Claudia Theune betont, dass man Tote vor allem dann nicht ausstellen sollte, wenn dabei die Sensation im Vordergrund steht. Die Darstellung des Massengrabes von Lützen im Rahmen der Ausstellung Krieg. Eine archäologische Spurensuche sieht sie beispielsweise kritisch. Damals wurden die Überreste von 47 Soldaten auf einer großen Wand drapiert – ähnlich wie sie während des Dreißigjährigen Krieges ins Grab geworfen wurden. „Ich fand das ziemlich schrecklich anzusehen“, sagt Theune. Harald Meller, Landesarchäologe in Sachsen-Anhalt, nannte diese Darstellung hingegen „das bedeutendste Antikriegsdenkmal, das man sich überhaupt vorstellen kann.“
Ausstellen von Mumien und Moorleichen
Noch heißer wird die Diskussion in Bezug auf Mumien und Moorleichen, bei denen Gesichtszüge noch relativ gut erkennbar sind. Erst im März 2025 hat der Kulturminister Spaniens, Ernest Urtasun, in dieser Debatte eine radikale Entscheidung getroffen. Überreste des Homo Sapiens sollen in Spaniens staatlichen Museen nur noch in Ausnahmefällen ausgestellt werden. Mumien sollen vor allem dann aus den Ausstellungen verschwinden, wenn über sie nur wenig bekannt ist und der Kontext, aus dem die Mumie stammt, nicht ausreichend erklärt würde.
Für den Mumienforscher Albert Zink, der unter anderem die Eismumie Ötzi erforscht, geht dieser Schritt hingegen zu weit. Seiner Meinung nach verwehrt das Verbannen von Mumien aus Museen Besucher*innen einen wertvollen Einblick in das Kulturerbe. Gegenüber dem BR-Podcast IQ betont aber auch er, dass die Toten dabei nicht sensationslüstern zur Schau gestellt werden sollten. Stattdessen solle Interessierten anhand der Mumien ein möglichst klares Gesamtbild des Menschen geliefert werden. Ötzi zeige man deshalb im Kontext mit seinen Waffen und seiner Kleidung – so, wie er im Eis aufgefunden wurde.
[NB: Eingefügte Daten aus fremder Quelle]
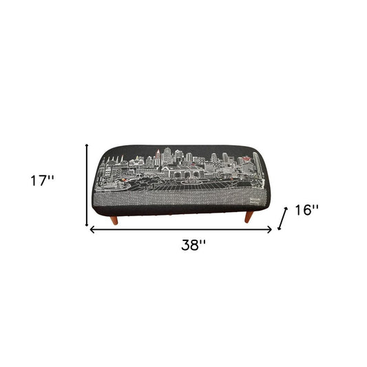 38" Gray Wool and Brown Ottoman

Umgang mit jüngeren Skelettfunden
Bei anonymen Skeletten von Menschen, die in den letzten 80 bis 200 Jahren gestorben sind, oder bei Massengräbern, die in diesem Zeitraum angelegt wurden, ist die Sache klarer. Bei ihnen steht vor allem die Identifikation im Vordergrund. „Jüngere Überreste werden auch ausgegraben, um ihnen eine würdige Bestattung zu geben“, sagt Theune. Dabei handele es sich meist um Menschen, die im Zusammenhang mit kriegerischen Auseinandersetzungen gestorben sind.